Saturday 8 October 2022

TDD: are tests that just "measure twice, cut once" legit?

G'day:

There's a bit of archaeology going on here: I started writing this in Jan 2022, but never got past the first para. I have a few articles like this, and I've decided to either complete them if they have merit, or get rid if they don't.

Part of my problem previously on this blog is that if I didn't think I could spin the article out to be say ~1500 words, I didn't think it was worth writing about. I think that was wrong-headed, and there's nothing wrong with taking a quick look at something I've been thinking about. Let's see if this works.

The situation I describe herein actually happened after I had wondered about the subject matter. It bore out/validated my hypothesis quite nicely.

Today I had an interesting TDD case. We have a features that rely on finding the "next working day" in various countries. The code behind these features ultimately calls a function isBankHoliday, and the logic in that function maintains a list of bank holidays within its implementation. This is perhaps not the ideal approach, but it's the approach we have.

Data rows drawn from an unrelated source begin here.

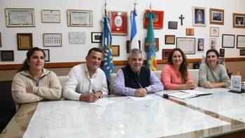 El intendente Guillermo Britos firmó un convenio con Daniel Menéndez Subsecretario de Economía Popular del Ministerio de Desarrollo de la provincia de Buenos Aires. Se trata de un programa de capacitación para fortalecer emprendimientos y unidades productivas.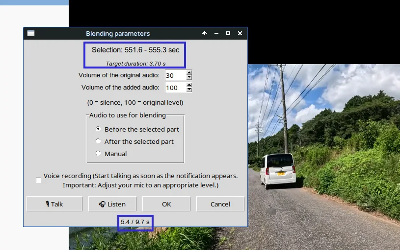 Ici, la section à mixer est d’une durée de 3,7 secondes, mais quand on clique sur [Listen], Kinodioraptor lit un échantillon de 9,7 secondes pour permettre de vérifier la fluidité de la transition.
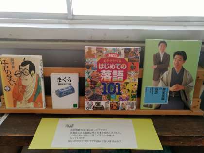 図書室前に 落語に関する本を並べてみました。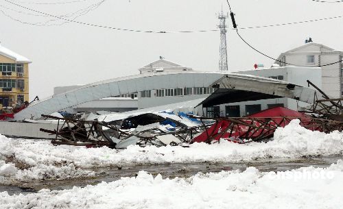 圖:合肥一加油站被暴雪壓塌

I was loading in the holidays for 2023, and me being me, the first thing I did was to look for the unit tests for the function. We didn't have one. That was odd because we had a job a few months prior to add the 2022 holidays, and I can recall discussing the need for tests with the dev concerned. Apparently this never happened, and I can't follow-up because said dev is no longer with us. Harrumph.

I can't reproduce any code relating to this here because it's my employer's code, but I can describe what I did. I opened the official govt sites that list public holidays (eg in the UK it is https://www.gov.uk/bank-holidays), and wrote a test that iterated through the list of 2023(*) holidays there and called isBankHoliday on each of them, expecting it to be true. I then picked some edge-case days around bank holidays and tested those expected the result to be false. This gives both a control group (the tests returning false), and the TDD tests for the work I was about to do. I got the expected pass/failures: all good.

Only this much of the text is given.